Hi, my midi keyboard (brand Fatar) is uneven, meaning that for the same velocity a note will sound louder than the next one. Do you have ideas on how to correct that within Kontakt ? A script for that would be cool, being able to adjust the velocity response of each note. Thanks for any help.

Giom


----------



## kotori (Nov 15, 2007)

Hi Giom,
It would certainly be possible, but I wonder how one would calibrate it reliably...

Nils


----------



## hastoy (Nov 15, 2007)

Hi Nils,

Actually I would have to adjust the response of certain keys that are obviously off (clearly too soft or loud). I don't need a perfect calibration like dropping a calibrated weight on each key and measuring the exact response. All I need is a script that has an adjustable value for each key response.

Giom


----------



## JustinW (Nov 15, 2007)

SO basically changing the velocity curve for each key rather than the whole board?

Perhaps there are some internal issues with your controller.


----------



## hastoy (Nov 15, 2007)

that's right JustinW, changing the velocity curve for each key separately. And yes there must be internal issues with my controller since it's old and I pound it pretty hard on high days :D 

Giom


----------



## kotori (Nov 16, 2007)

Hi again Giom,

I wrote a script for you that you can find here:
http://nilsliberg.se/ksp/scripts/individual_note_velocity_rescaling_compiled.txt
Copy and paste it into Kontakt's script editor and press the Apply button.

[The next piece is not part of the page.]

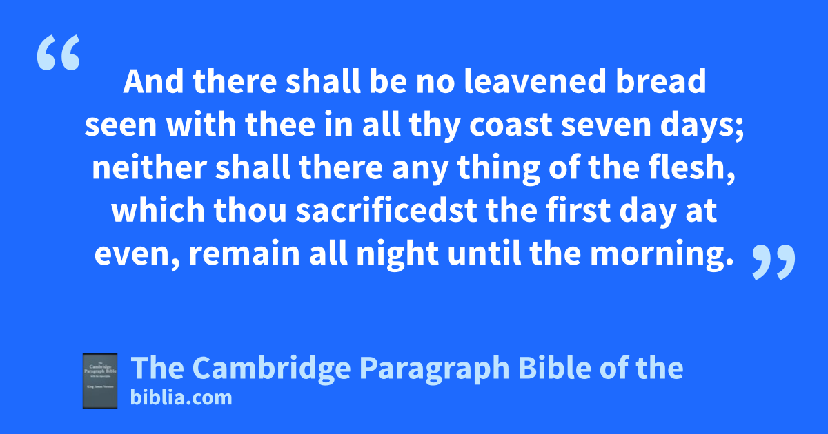 XVI. Observe the amonth of Abib, and keep the passover unto the Lord thy God: for bin the month of Abib the Lord thy God brought thee forth out of Egypt by night. 2 Thou shalt therefore sacrifice the passover unto the Lord thy God, of the flock and cthe herd, din the place which the Lord shall choose to place his name there. 3 Thou shalt eat no leavened bread with it; seven days shalt thou eat unleavened bread therewith, even the bread of affliction; for thou camest forth out of the land of Egypt in ehaste: that thou mayest remember the day when thou camest forth out of the land of Egypt all the days of thy life. 4 fAnd there shall be no leavened bread seen with thee in all thy coast seven days; neither shall there any thing of the flesh, which thou sacrificedst the first day at even, gremain all night until the morning. 5 Thou mayest not * sacrifice the passover within any of thy gates, which the Lord thy God giveth thee: 6 but at the place which the Lord thy God shall choose to place his name in, there thou shalt sacrifice the passover hat even, at the going down of the sun, at the season that thou camest forth out of Egypt. 7 And thou shalt iroast and eat it in the place which the Lord thy God shall choose: and thou shalt turn in the morning, and go unto thy tents. 8 kSix days thou shalt eat unleavened bread: and lon the seventh day shall be a * solemn assembly to the Lord thy God: thou shalt do no work therein.

The script first multiplies the velocity of each note with a factor and then adds a number to the velocity. The upper table contains the multiplicative factors (initially 100%) of each note and the lower curve the numbers to be added (initially 0).

To the right you can select a note to edit in the menu, or in case the "select note by midi" button is activated you can simply press the note on your keyboard to select it. The number to multiply with and add respectively can be set by using the two knobs to the right. 

Cheers,
Nils


----------



## hastoy (Nov 16, 2007)

wow ! perfect... thanks so much Nils, it is *exactly* what I needed.

Giom


----------



## artsoundz (Nov 16, 2007)

If this happens with most patches then you should consider opening up your board and cleaning. I have 3 Fatar/Studiologic and I can assure you that not cleaning after a few years WILL affect your velocity.

It's an easy task. Really... no sweat. Pm me if you need a step by step guide. 

Again- dont be intimidated by opening it up. No big deal...


----------



## Thonex (Nov 16, 2007)

Nice script Nils!!!!!

Even though I don't need it, it's always a pleasure to see how you come up with creative solutions... that are so clean and simple as well!!!

And you probably wrote it in less than 10 minutes :D .... well except maybe that set_text $Lable line with the scaling... those are always a pain to figure out with the exact spacing. :? 

Thanks Nils,

T


----------